Lord Tunnicliffe
Main Page: Lord Tunnicliffe (Labour - Life peer)Department Debates - View all Lord Tunnicliffe's debates with the Ministry of Defence
(12 years, 6 months ago)
Lords ChamberMy Lords, I thank the noble Lord for reading out the names of the two members of the Armed Forces who have recently died in Afghanistan. I would like to associate these Benches with the condolences to their families and friends and to support the Minister in his reference to the wounded. The two members of the Armed Forces concerned were involved in the extraordinarily difficult task of mentoring the security and armed forces of the Afghan Government. I am sure that we all admire the courage necessary to carry out that task in such difficult conditions.
I thank the noble Lord for repeating that very long Statement—it took him a bracing 15 minutes to do so. I have been faced with Statements and papers throughout my career. Those documents have varied greatly in length, and my suspicions have deepened as their length has increased. One way to work out whether a Statement or paper says anything is to précis it. When you précis something again and again, you can see what is left at the end. If there is not much left after that process then there cannot have been very much there in the first place. I put it to the House that this is a profoundly vacuous Statement. It says very little indeed.
The first thing that it does not contain is a plan. You would think that a Statement about defence expenditure over the next 10 years would have a plan associated with it. The Statement did not contain a plan—it promises a summary of a plan some time in the future. It does not even give a date when that plan will be put forward.
What else does the Statement say? One of the few new things it provides is an overall figure. It says that the equipment and support plan for the next 10 years involves £160 billion—that is the hard figure in the middle of the Statement. It then goes on to explain how that figure is made up. It says—the Minister will correct me if I am wrong—that £8 billion will be available over the next 10 years to adapt to the changing world. So, over 10 years, 5% of that amount will be available for innovation, new equipment and new threats—things that we do not know about now. Some £4 billion will be available as a contingency, which is about 3% of the overall figure. So £152 billion will be available over 10 years and the Government have got things so right that they can manage with a contingency of 3%. I put it to noble Lords that that level of accuracy simply is not credible.
What else will the plan contain? Does the Statement mention any new acquisitions? I do not know—I could not see any. Although it mentions the decision to purchase three offshore patrol vessels, as opposed to leasing them, we have heard everything else before. Is there anything new in the Statement? Are there any new cuts? I cannot see any new ones. I can see no mention of how money will be saved.

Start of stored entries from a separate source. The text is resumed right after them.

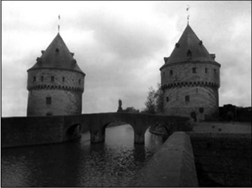
De Broeltorens, de enige overblijfselen van de verdedigingswerken van Kortrijk

Hierbij werden het nog nieuwe kasteel, de citadel en praktisch alle muren en torens werden opgeblazen of met houwelen vernield. Nu alle versterkingswerken met de grond gelijk waren gemaakt en ook grachten waren gedempt was Kortrijk een open, onbeschermd stad geworden. Tijdens de bloedige Negenjarige Oorlog, die woedde van 1688 tot 1697, zorgden het geweld, een graancrisis en ziekten ervoor dat een kwart van de bevolking van de Kortrijk kwam te overlijden. In die periode namen de Franse legers de stad wéér in en startten ze opnieuw met de aanleg van verdedigingswerken, die ze aan het eind van de oorlog nogmaals vernielden. Al die machtswisselingen gingen met veel geweld gepaard. Vaak werden de overwonnenen voor de ogen van de burgers van de stad - meestal midden op het marktplein of voor het Raadhuis - gemarteld en gedood en werden hun restanten nog tijden lang ten toon gesteld. Ook onze voorouders zullen dergelijke taferelen hebben moeten aanschouwen.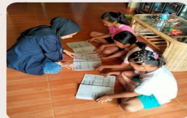
Melakukan kegiatan pendampingan belajar pada anak SD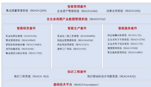
公司工业软件产品谱系

公司通过数字化技术和先进业务实践的融合，帮助工业企业利用信息技术打造高效顺畅的产品全生命周期数字链，重塑和改造产品研发设计、生产制造、运维保障及经营管理方式，实现企业数字化转型。公司依托自主工业软件品牌“REACH 睿知”和智能制造装备品牌“REASY 睿行”，推进智能制造软硬协同发展，面向防务、民用装备、科研院所等市场推广应用整体解决方案，赋能制造业转型升级和提质增效，服务制造强国和数字中国建设。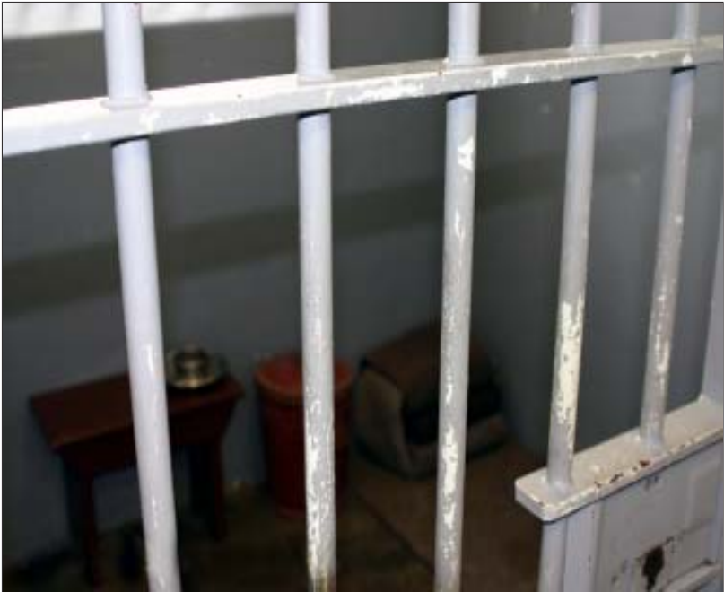
မင်ဒဲလား အကျဉ်းတိုက်ခန်း။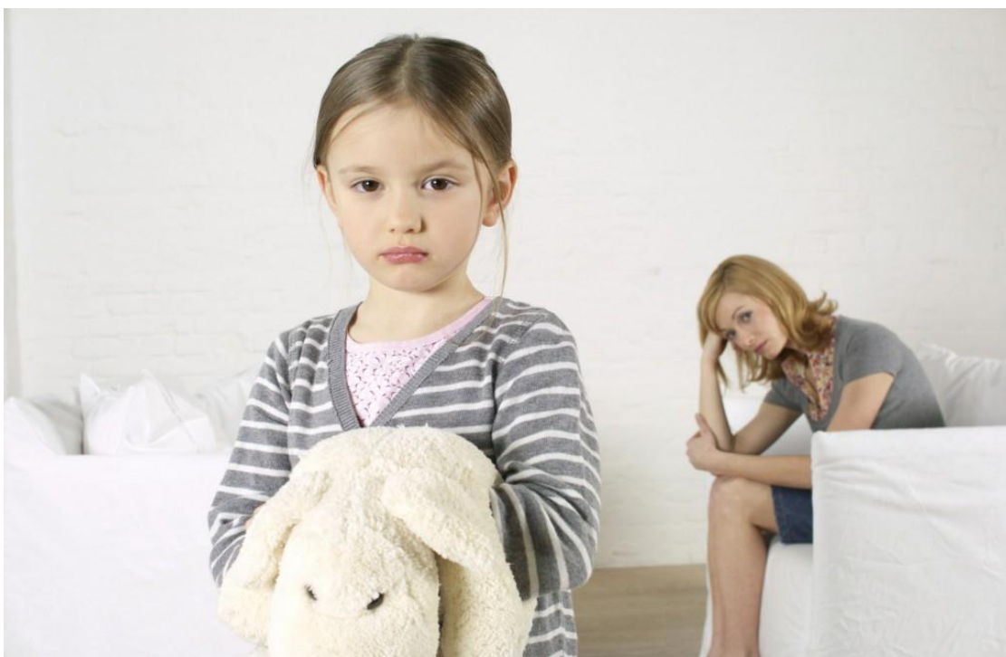
Слайд № 15

Let us go back to what the Statement purports to say. I should add that the press reports about what the Statement would say were rather more exciting than the Statement itself. I invite the Minister to correct me if I have overread the press reports, but they seemed to imply that the Secretary of State for Defence would say that there would be no more cuts over the next 10 years—no more cuts until 2022. That is pretty ambitious. If that is what the Minister said, I am sure that noble Lords will welcome it. If nothing else, we will not have so many Statements to look at when plans change.
Does the Statement say that there will be no more cuts? The closest reference I could find was:
“I can tell the House today that, after two years’ work, the black hole in the defence budget has finally been eliminated and the budget is now in balance”.
Is the budget in balance for 10 years? Will there be no more cuts over the next 10 years?
What does this promise? Once again, I looked through the Statement. Does it promise anything different from the SDSR of October 2010? That was a very precise document. For instance, it stated on page 19:
“The new Defence Planning Assumptions envisage that the Armed Forces in the future will be sized and shaped to conduct … an enduring stabilisation operation at around brigade level … with maritime and air support as required, while also conducting … one non-enduring complex intervention (up to 2,000 personnel), and … one non-enduring simple intervention (up to 1,000 personnel)”.
Does this equipment plan with its balanced budget still commit the Government to resource our Armed Forces to meet that commitment?
Throughout the SDSR there were a series of statements about numbers of ships, although fewer about numbers of aircraft. We heard about changes to the size of the Army and about a different way of approaching the carrier. Otherwise, are all the commitments in the SDSR fully funded in the plan referred to by the Statement?
I am amazed at the brilliance of the Government. About a year ago, there were what seemed to be extremely well informed rumours in the press—in the Times and the Daily Telegraph, which are normally well connected—that the Government in the SDSR had created a plan that was underfunded by more than £1 billion per annum. May I assume from the Statement that by some miracle the problem about which defence chiefs or their agents briefed the press—the massive gap between what was aspired to and the money available—has been bridged? I cannot see, without any new cuts being described and without any changes other than those mentioned, how it has been bridged.
We know that a very large number of civil servants—about one-third—will disappear. In my career I purchased a large amount of materiel. It was not for the military but for the railways. The essence of doing that efficiently is not underfunding professional capability but if anything overfunding it to get the right contracts, structures and monitoring. Will the Civil Service, after these massive cuts, have the capability to keep hold of this plan and deliver on it?
I find this to be an incredible aspiration, and an incredible Statement that is impossible to judge. I look forward with bated breath to the NAO report and its judgment on whether it will work. I hope that the Minister, in spite of not yet having the report, will be able to assure us that the Statement really means that there will be no more cuts to equipment programmes for the Armed Forces for the next decade.